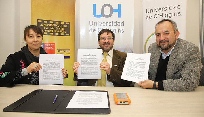 El acuerdo se realizó en el Campus Rancagua de la Universidad de O'Higgins, con la participación del Rector (s) de la Universidad de O'Higgins, Marcello Visconti, el coordinador académico del IEA, Ricardo Carrasco y la directora del Festival Internacional de Cine de Lebu, Claudia Pino.
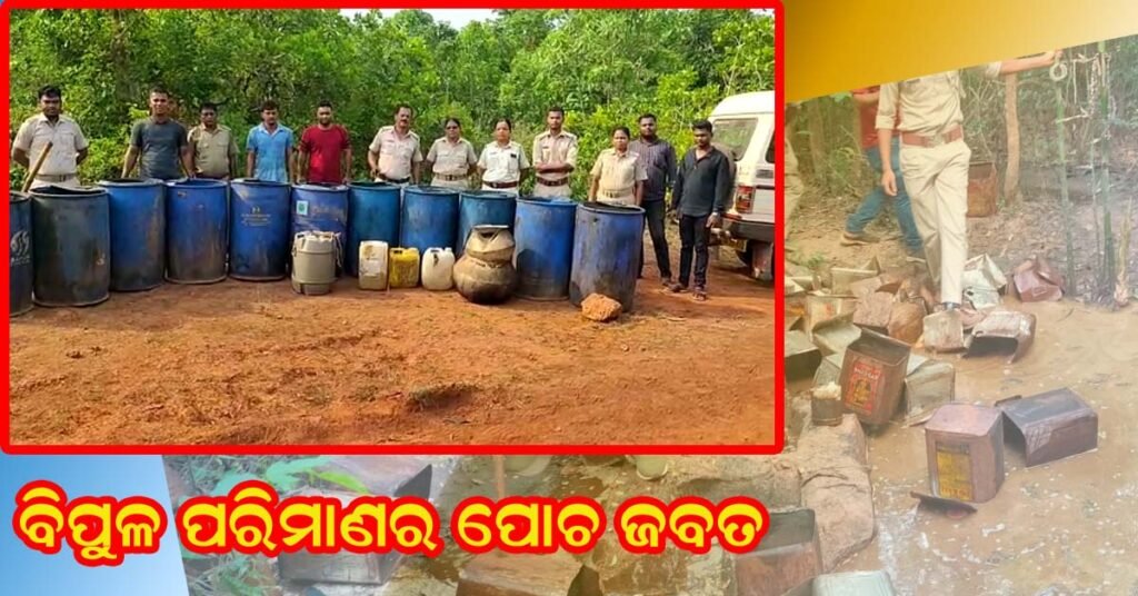 ଖୋର୍ଦ୍ଧା ( ଆୱାଜ ମିଡ଼ିଆ ) – ଯୋଗେଶ୍ୱର ପଣ୍ଡା : ଖୋର୍ଦ୍ଧା ଜିଲ୍ଲା ସଦର ଥାନା ଅନ୍ତର୍ଗତ କୁଞ୍ଜୁରୀ ପଞ୍ଚାୟତ ବରପଦା ଗ୍ରାମର ଦେଶୀ ମଦ ପ୍ରସ୍ତୁତ କରୁଥିବାର ଖବର ପାଇ ଅବକାରୀ ବିଭାଗ ଅତର୍କିତ ଭାବରେ ଚଢ଼ାଉ କରିଥିଲେ । ଘଟଣା ସ୍ଥଳରୁ ୭୨୦୦ ଲିଟର ପୋଚ ଓ ୩୪୦ ଲିଟର ଦେଶୀ ମଦ ଜବତ କରିବା ସହ ବ୍ୟବହୃତ ସାମଗ୍ରୀ ଗୁଡିକୁ ନଷ୍ଟ କରାଯାଇଛି । ଏଥିରେ ଖୋର୍ଦ୍ଧା ଜିଲ୍ଲା ଅବକାରୀ ବିଭାଗ ଇନିସପେକ୍ଟର ଭୈରବ ସାହୁ, ଭ୍ରାମ୍ୟମାଣ ଇନିସପେକ୍ଟର ସସ୍ମିତା ହୋତା, ଖୋର୍ଦ୍ଧା ଓଆଇସି ବି ମନୋଜ କୁମାର, ଜଟଣୀ ଓଆଇସି ଗୀତାଞ୍ଜଳି ବେହେରା ଓ ବେଗୁନିଆ ଓଆଇସି ବିରଞ୍ଚି ନାରାୟଣ ମହାନ୍ତି ପ୍ରମୁଖ ସାମିଲ ଥିଲେ ।
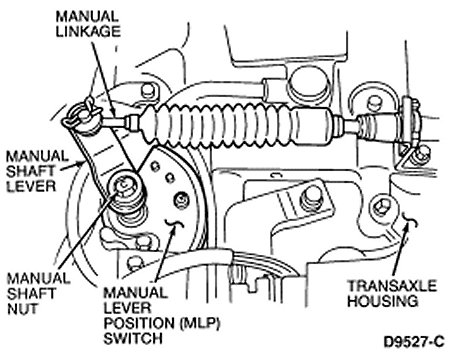 2. Remove the nut securing the manual shaft lever to the transaxle manual shaft.
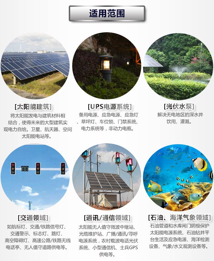 太阳能系统:作为太阳能发电系统的储能元件,将多余的太阳能转化为电能储存起来,供夜间或阴雨天使用。
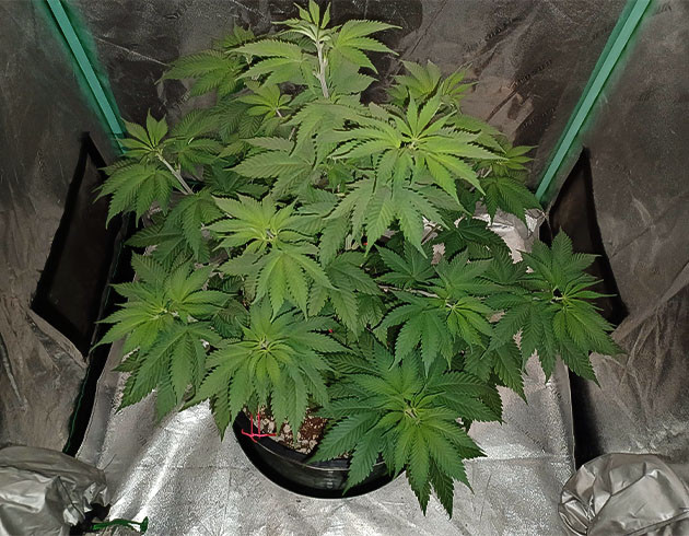 Девятая неделя, перевод в цвет, то есть смена светового режима на 12/12. К этому моменту рост куста по самой высокой коле – 66 сантиметров. Остальные плюс-минус той же длины. На 57-й день полив с удобрениями, Tiger Bloom 2,6 мл/л и Mammoth P 0,2 мл/л. Следующий полив на 59-й день с «КалМагом» и Mammoth P, без «Блума». На 61-й день полив с «Блумом» и через два дня еще один, но уже без «Блума». Получилось 4 полноценных полива за неделю. На 62-й день я заметил, что воздух в палатке очень спертый, а влажность невероятно подскочила. Причина была в забитом предфильтре, из-за чего кустик практически не получал свежего воздуха. Почистил, и всё встало на свои места.

| WHAT IS EXPECTED |
Look through the listing above for the line with "ଖୋର୍ଦ୍ଧା ( ଆୱାଜ" and the line with "2. Remove the". Write out exactly those lines and everything between, leaving out pictures.

| ANSWER SECTION |
 ଖୋର୍ଦ୍ଧା ( ଆୱାଜ ମିଡ଼ିଆ ) – ଯୋଗେଶ୍ୱର ପଣ୍ଡା : ଖୋର୍ଦ୍ଧା ଜିଲ୍ଲା ସଦର ଥାନା ଅନ୍ତର୍ଗତ କୁଞ୍ଜୁରୀ ପଞ୍ଚାୟତ ବରପଦା ଗ୍ରାମର ଦେଶୀ ମଦ ପ୍ରସ୍ତୁତ କରୁଥିବାର ଖବର ପାଇ ଅବକାରୀ ବିଭାଗ ଅତର୍କିତ ଭାବରେ ଚଢ଼ାଉ କରିଥିଲେ । ଘଟଣା ସ୍ଥଳରୁ ୭୨୦୦ ଲିଟର ପୋଚ ଓ ୩୪୦ ଲିଟର ଦେଶୀ ମଦ ଜବତ କରିବା ସହ ବ୍ୟବହୃତ ସାମଗ୍ରୀ ଗୁଡିକୁ ନଷ୍ଟ କରାଯାଇଛି । ଏଥିରେ ଖୋର୍ଦ୍ଧା ଜିଲ୍ଲା ଅବକାରୀ ବିଭାଗ ଇନିସପେକ୍ଟର ଭୈରବ ସାହୁ, ଭ୍ରାମ୍ୟମାଣ ଇନିସପେକ୍ଟର ସସ୍ମିତା ହୋତା, ଖୋର୍ଦ୍ଧା ଓଆଇସି ବି ମନୋଜ କୁମାର, ଜଟଣୀ ଓଆଇସି ଗୀତାଞ୍ଜଳି ବେହେରା ଓ ବେଗୁନିଆ ଓଆଇସି ବିରଞ୍ଚି ନାରାୟଣ ମହାନ୍ତି ପ୍ରମୁଖ ସାମିଲ ଥିଲେ ।
 2. Remove the nut securing the manual shaft lever to the transaxle manual shaft.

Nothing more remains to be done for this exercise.